Pascal's theorem has a short proof using the Cayley–Bacharach theorem that given any 8 points in general position, there is a unique ninth point such that all cubics through the first 8 also pass through the ninth point. In particular, if 2 general cubics intersect in 8 points then any other cubic through the same 8 points meets the ninth point of intersection of the first two cubics. Pascal's theorem follows by taking the 8 points as the 6 points on the hexagon and two of the points (say, M and N in the figure) on the would-be Pascal line, and the ninth point as the third point (P in the figure). The first two cubics are two sets of 3 lines through the 6 points on the hexagon (for instance, the set AB, CD, EF, and the set BC, DE, FA), and the third cubic is the union of the conic and the line MN. Here the "ninth intersection" P cannot lie on the conic by genericity, and hence it lies on MN.

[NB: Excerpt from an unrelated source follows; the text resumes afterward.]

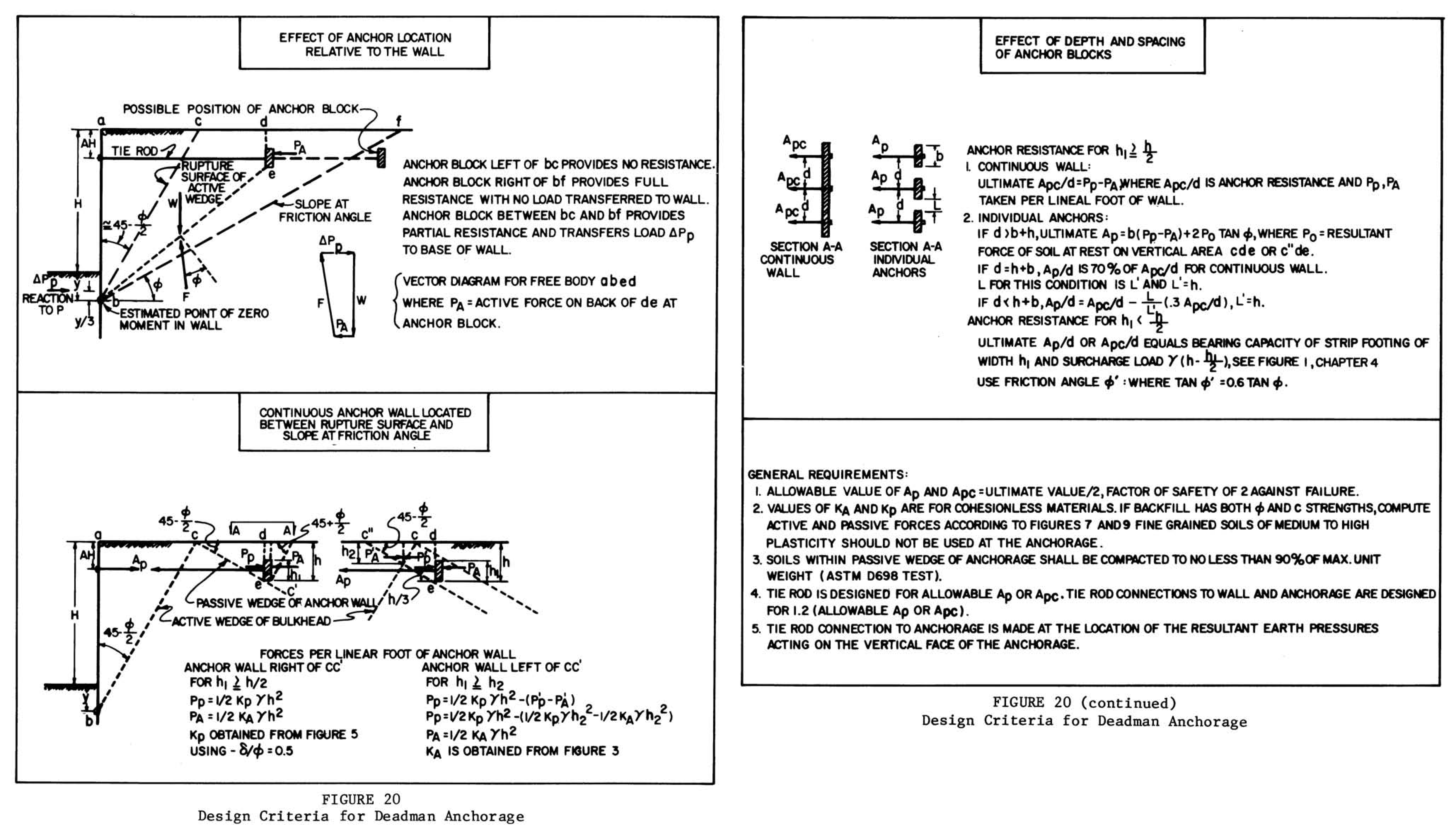 If one wants to consider the actual anchorage stiffness, it is necessary to determine the length, the cross-sectional area and the material to establish the stiffness, maximum stress and force, and the deflection at which plastic yielding takes place. If this is too much, a very stiff anchor is necessary; a very flexible anchor will render the calculations nearly useless. We have not included consideration of the flexibility of the soil bearing against the deadman; this further complicates the anchor input.

The Cayley–Bacharach theorem is also used to prove that the group operation on cubic elliptic curves is associative. The same group operation can be applied on a conic if we choose a point E on the conic and a line MP in the plane. The sum of A and B is obtained by first finding the intersection point of line AB with MP, which is M. Next A and B add up to the second intersection point of the conic with line EM, which is D. Thus if Q is the second intersection point of the conic with line EN, then

$(A + B) + C = D + C = Q = A + F = A + (B + C)$

Thus the group operation is associative. On the other hand, Pascal's theorem follows from the above associativity formula, and thus from the associativity of the group operation of elliptic curves by way of continuity.

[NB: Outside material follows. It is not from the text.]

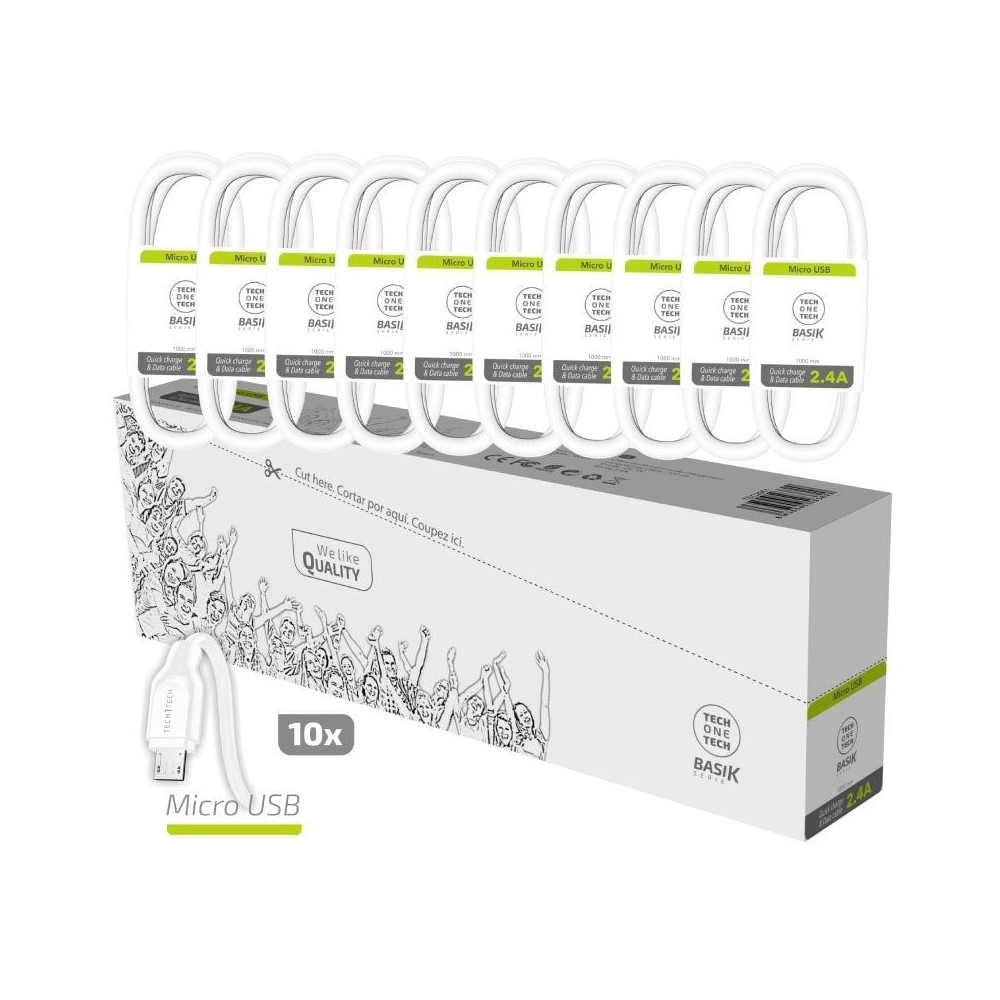 TechOneTech Basik Pack de 10 Cables USB Macho - MicroUSB Macho - Longitud 1m

==Proof using Bézout's theorem==

Suppose f is the cubic polynomial vanishing on the three lines through AB, CD, EF and g is the cubic vanishing on the other three lines BC, DE, FA. Pick a generic point P on the conic and choose λ so that the cubic h = f + λg vanishes on P. Then h = 0 is a cubic that has 7 points A, B, C, D, E, F, P in common with the conic. But by Bézout's theorem a cubic and a conic have at most 3 × 2 = 6 points in common, unless they have a common component. So the cubic h = 0 has a component in common with the conic which must be the conic itself, so h = 0 is the union of the conic and a line. This line is the Pascal line, because any point in the intersection of the solution sets of f and g will also be in the solution set of h.

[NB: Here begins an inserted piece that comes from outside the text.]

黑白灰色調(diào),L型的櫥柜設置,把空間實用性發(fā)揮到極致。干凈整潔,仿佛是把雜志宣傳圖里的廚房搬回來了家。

== A property of Pascal's hexagon ==

Again given the hexagon on a conic of Pascal's theorem with the above notation for points (in the first figure), we have
$\frac{\overline{GB}}{\overline{GA}} \times \frac{\overline{HA}}{\overline{HF}} \times \frac{\overline{KF}}{\overline{KE}} \times\frac{\overline{GE}}{\overline{GD}} \times \frac{\overline{HD}}{\overline{HC}} \times \frac{\overline{KC}}{\overline{KB}}=1.$

== Degenerations of Pascal's theorem ==

Pascal's theorem: degenerations

There exist 5-point, 4-point and 3-point degenerate cases of Pascal's theorem. In a degenerate case, two previously connected points of the figure will formally coincide and the connecting line becomes the tangent at the coalesced point. See the degenerate cases given in the added scheme and the external link on circle geometries. If one chooses suitable lines of the Pascal-figures as lines at infinity one gets many interesting figures on parabolas and hyperbolas.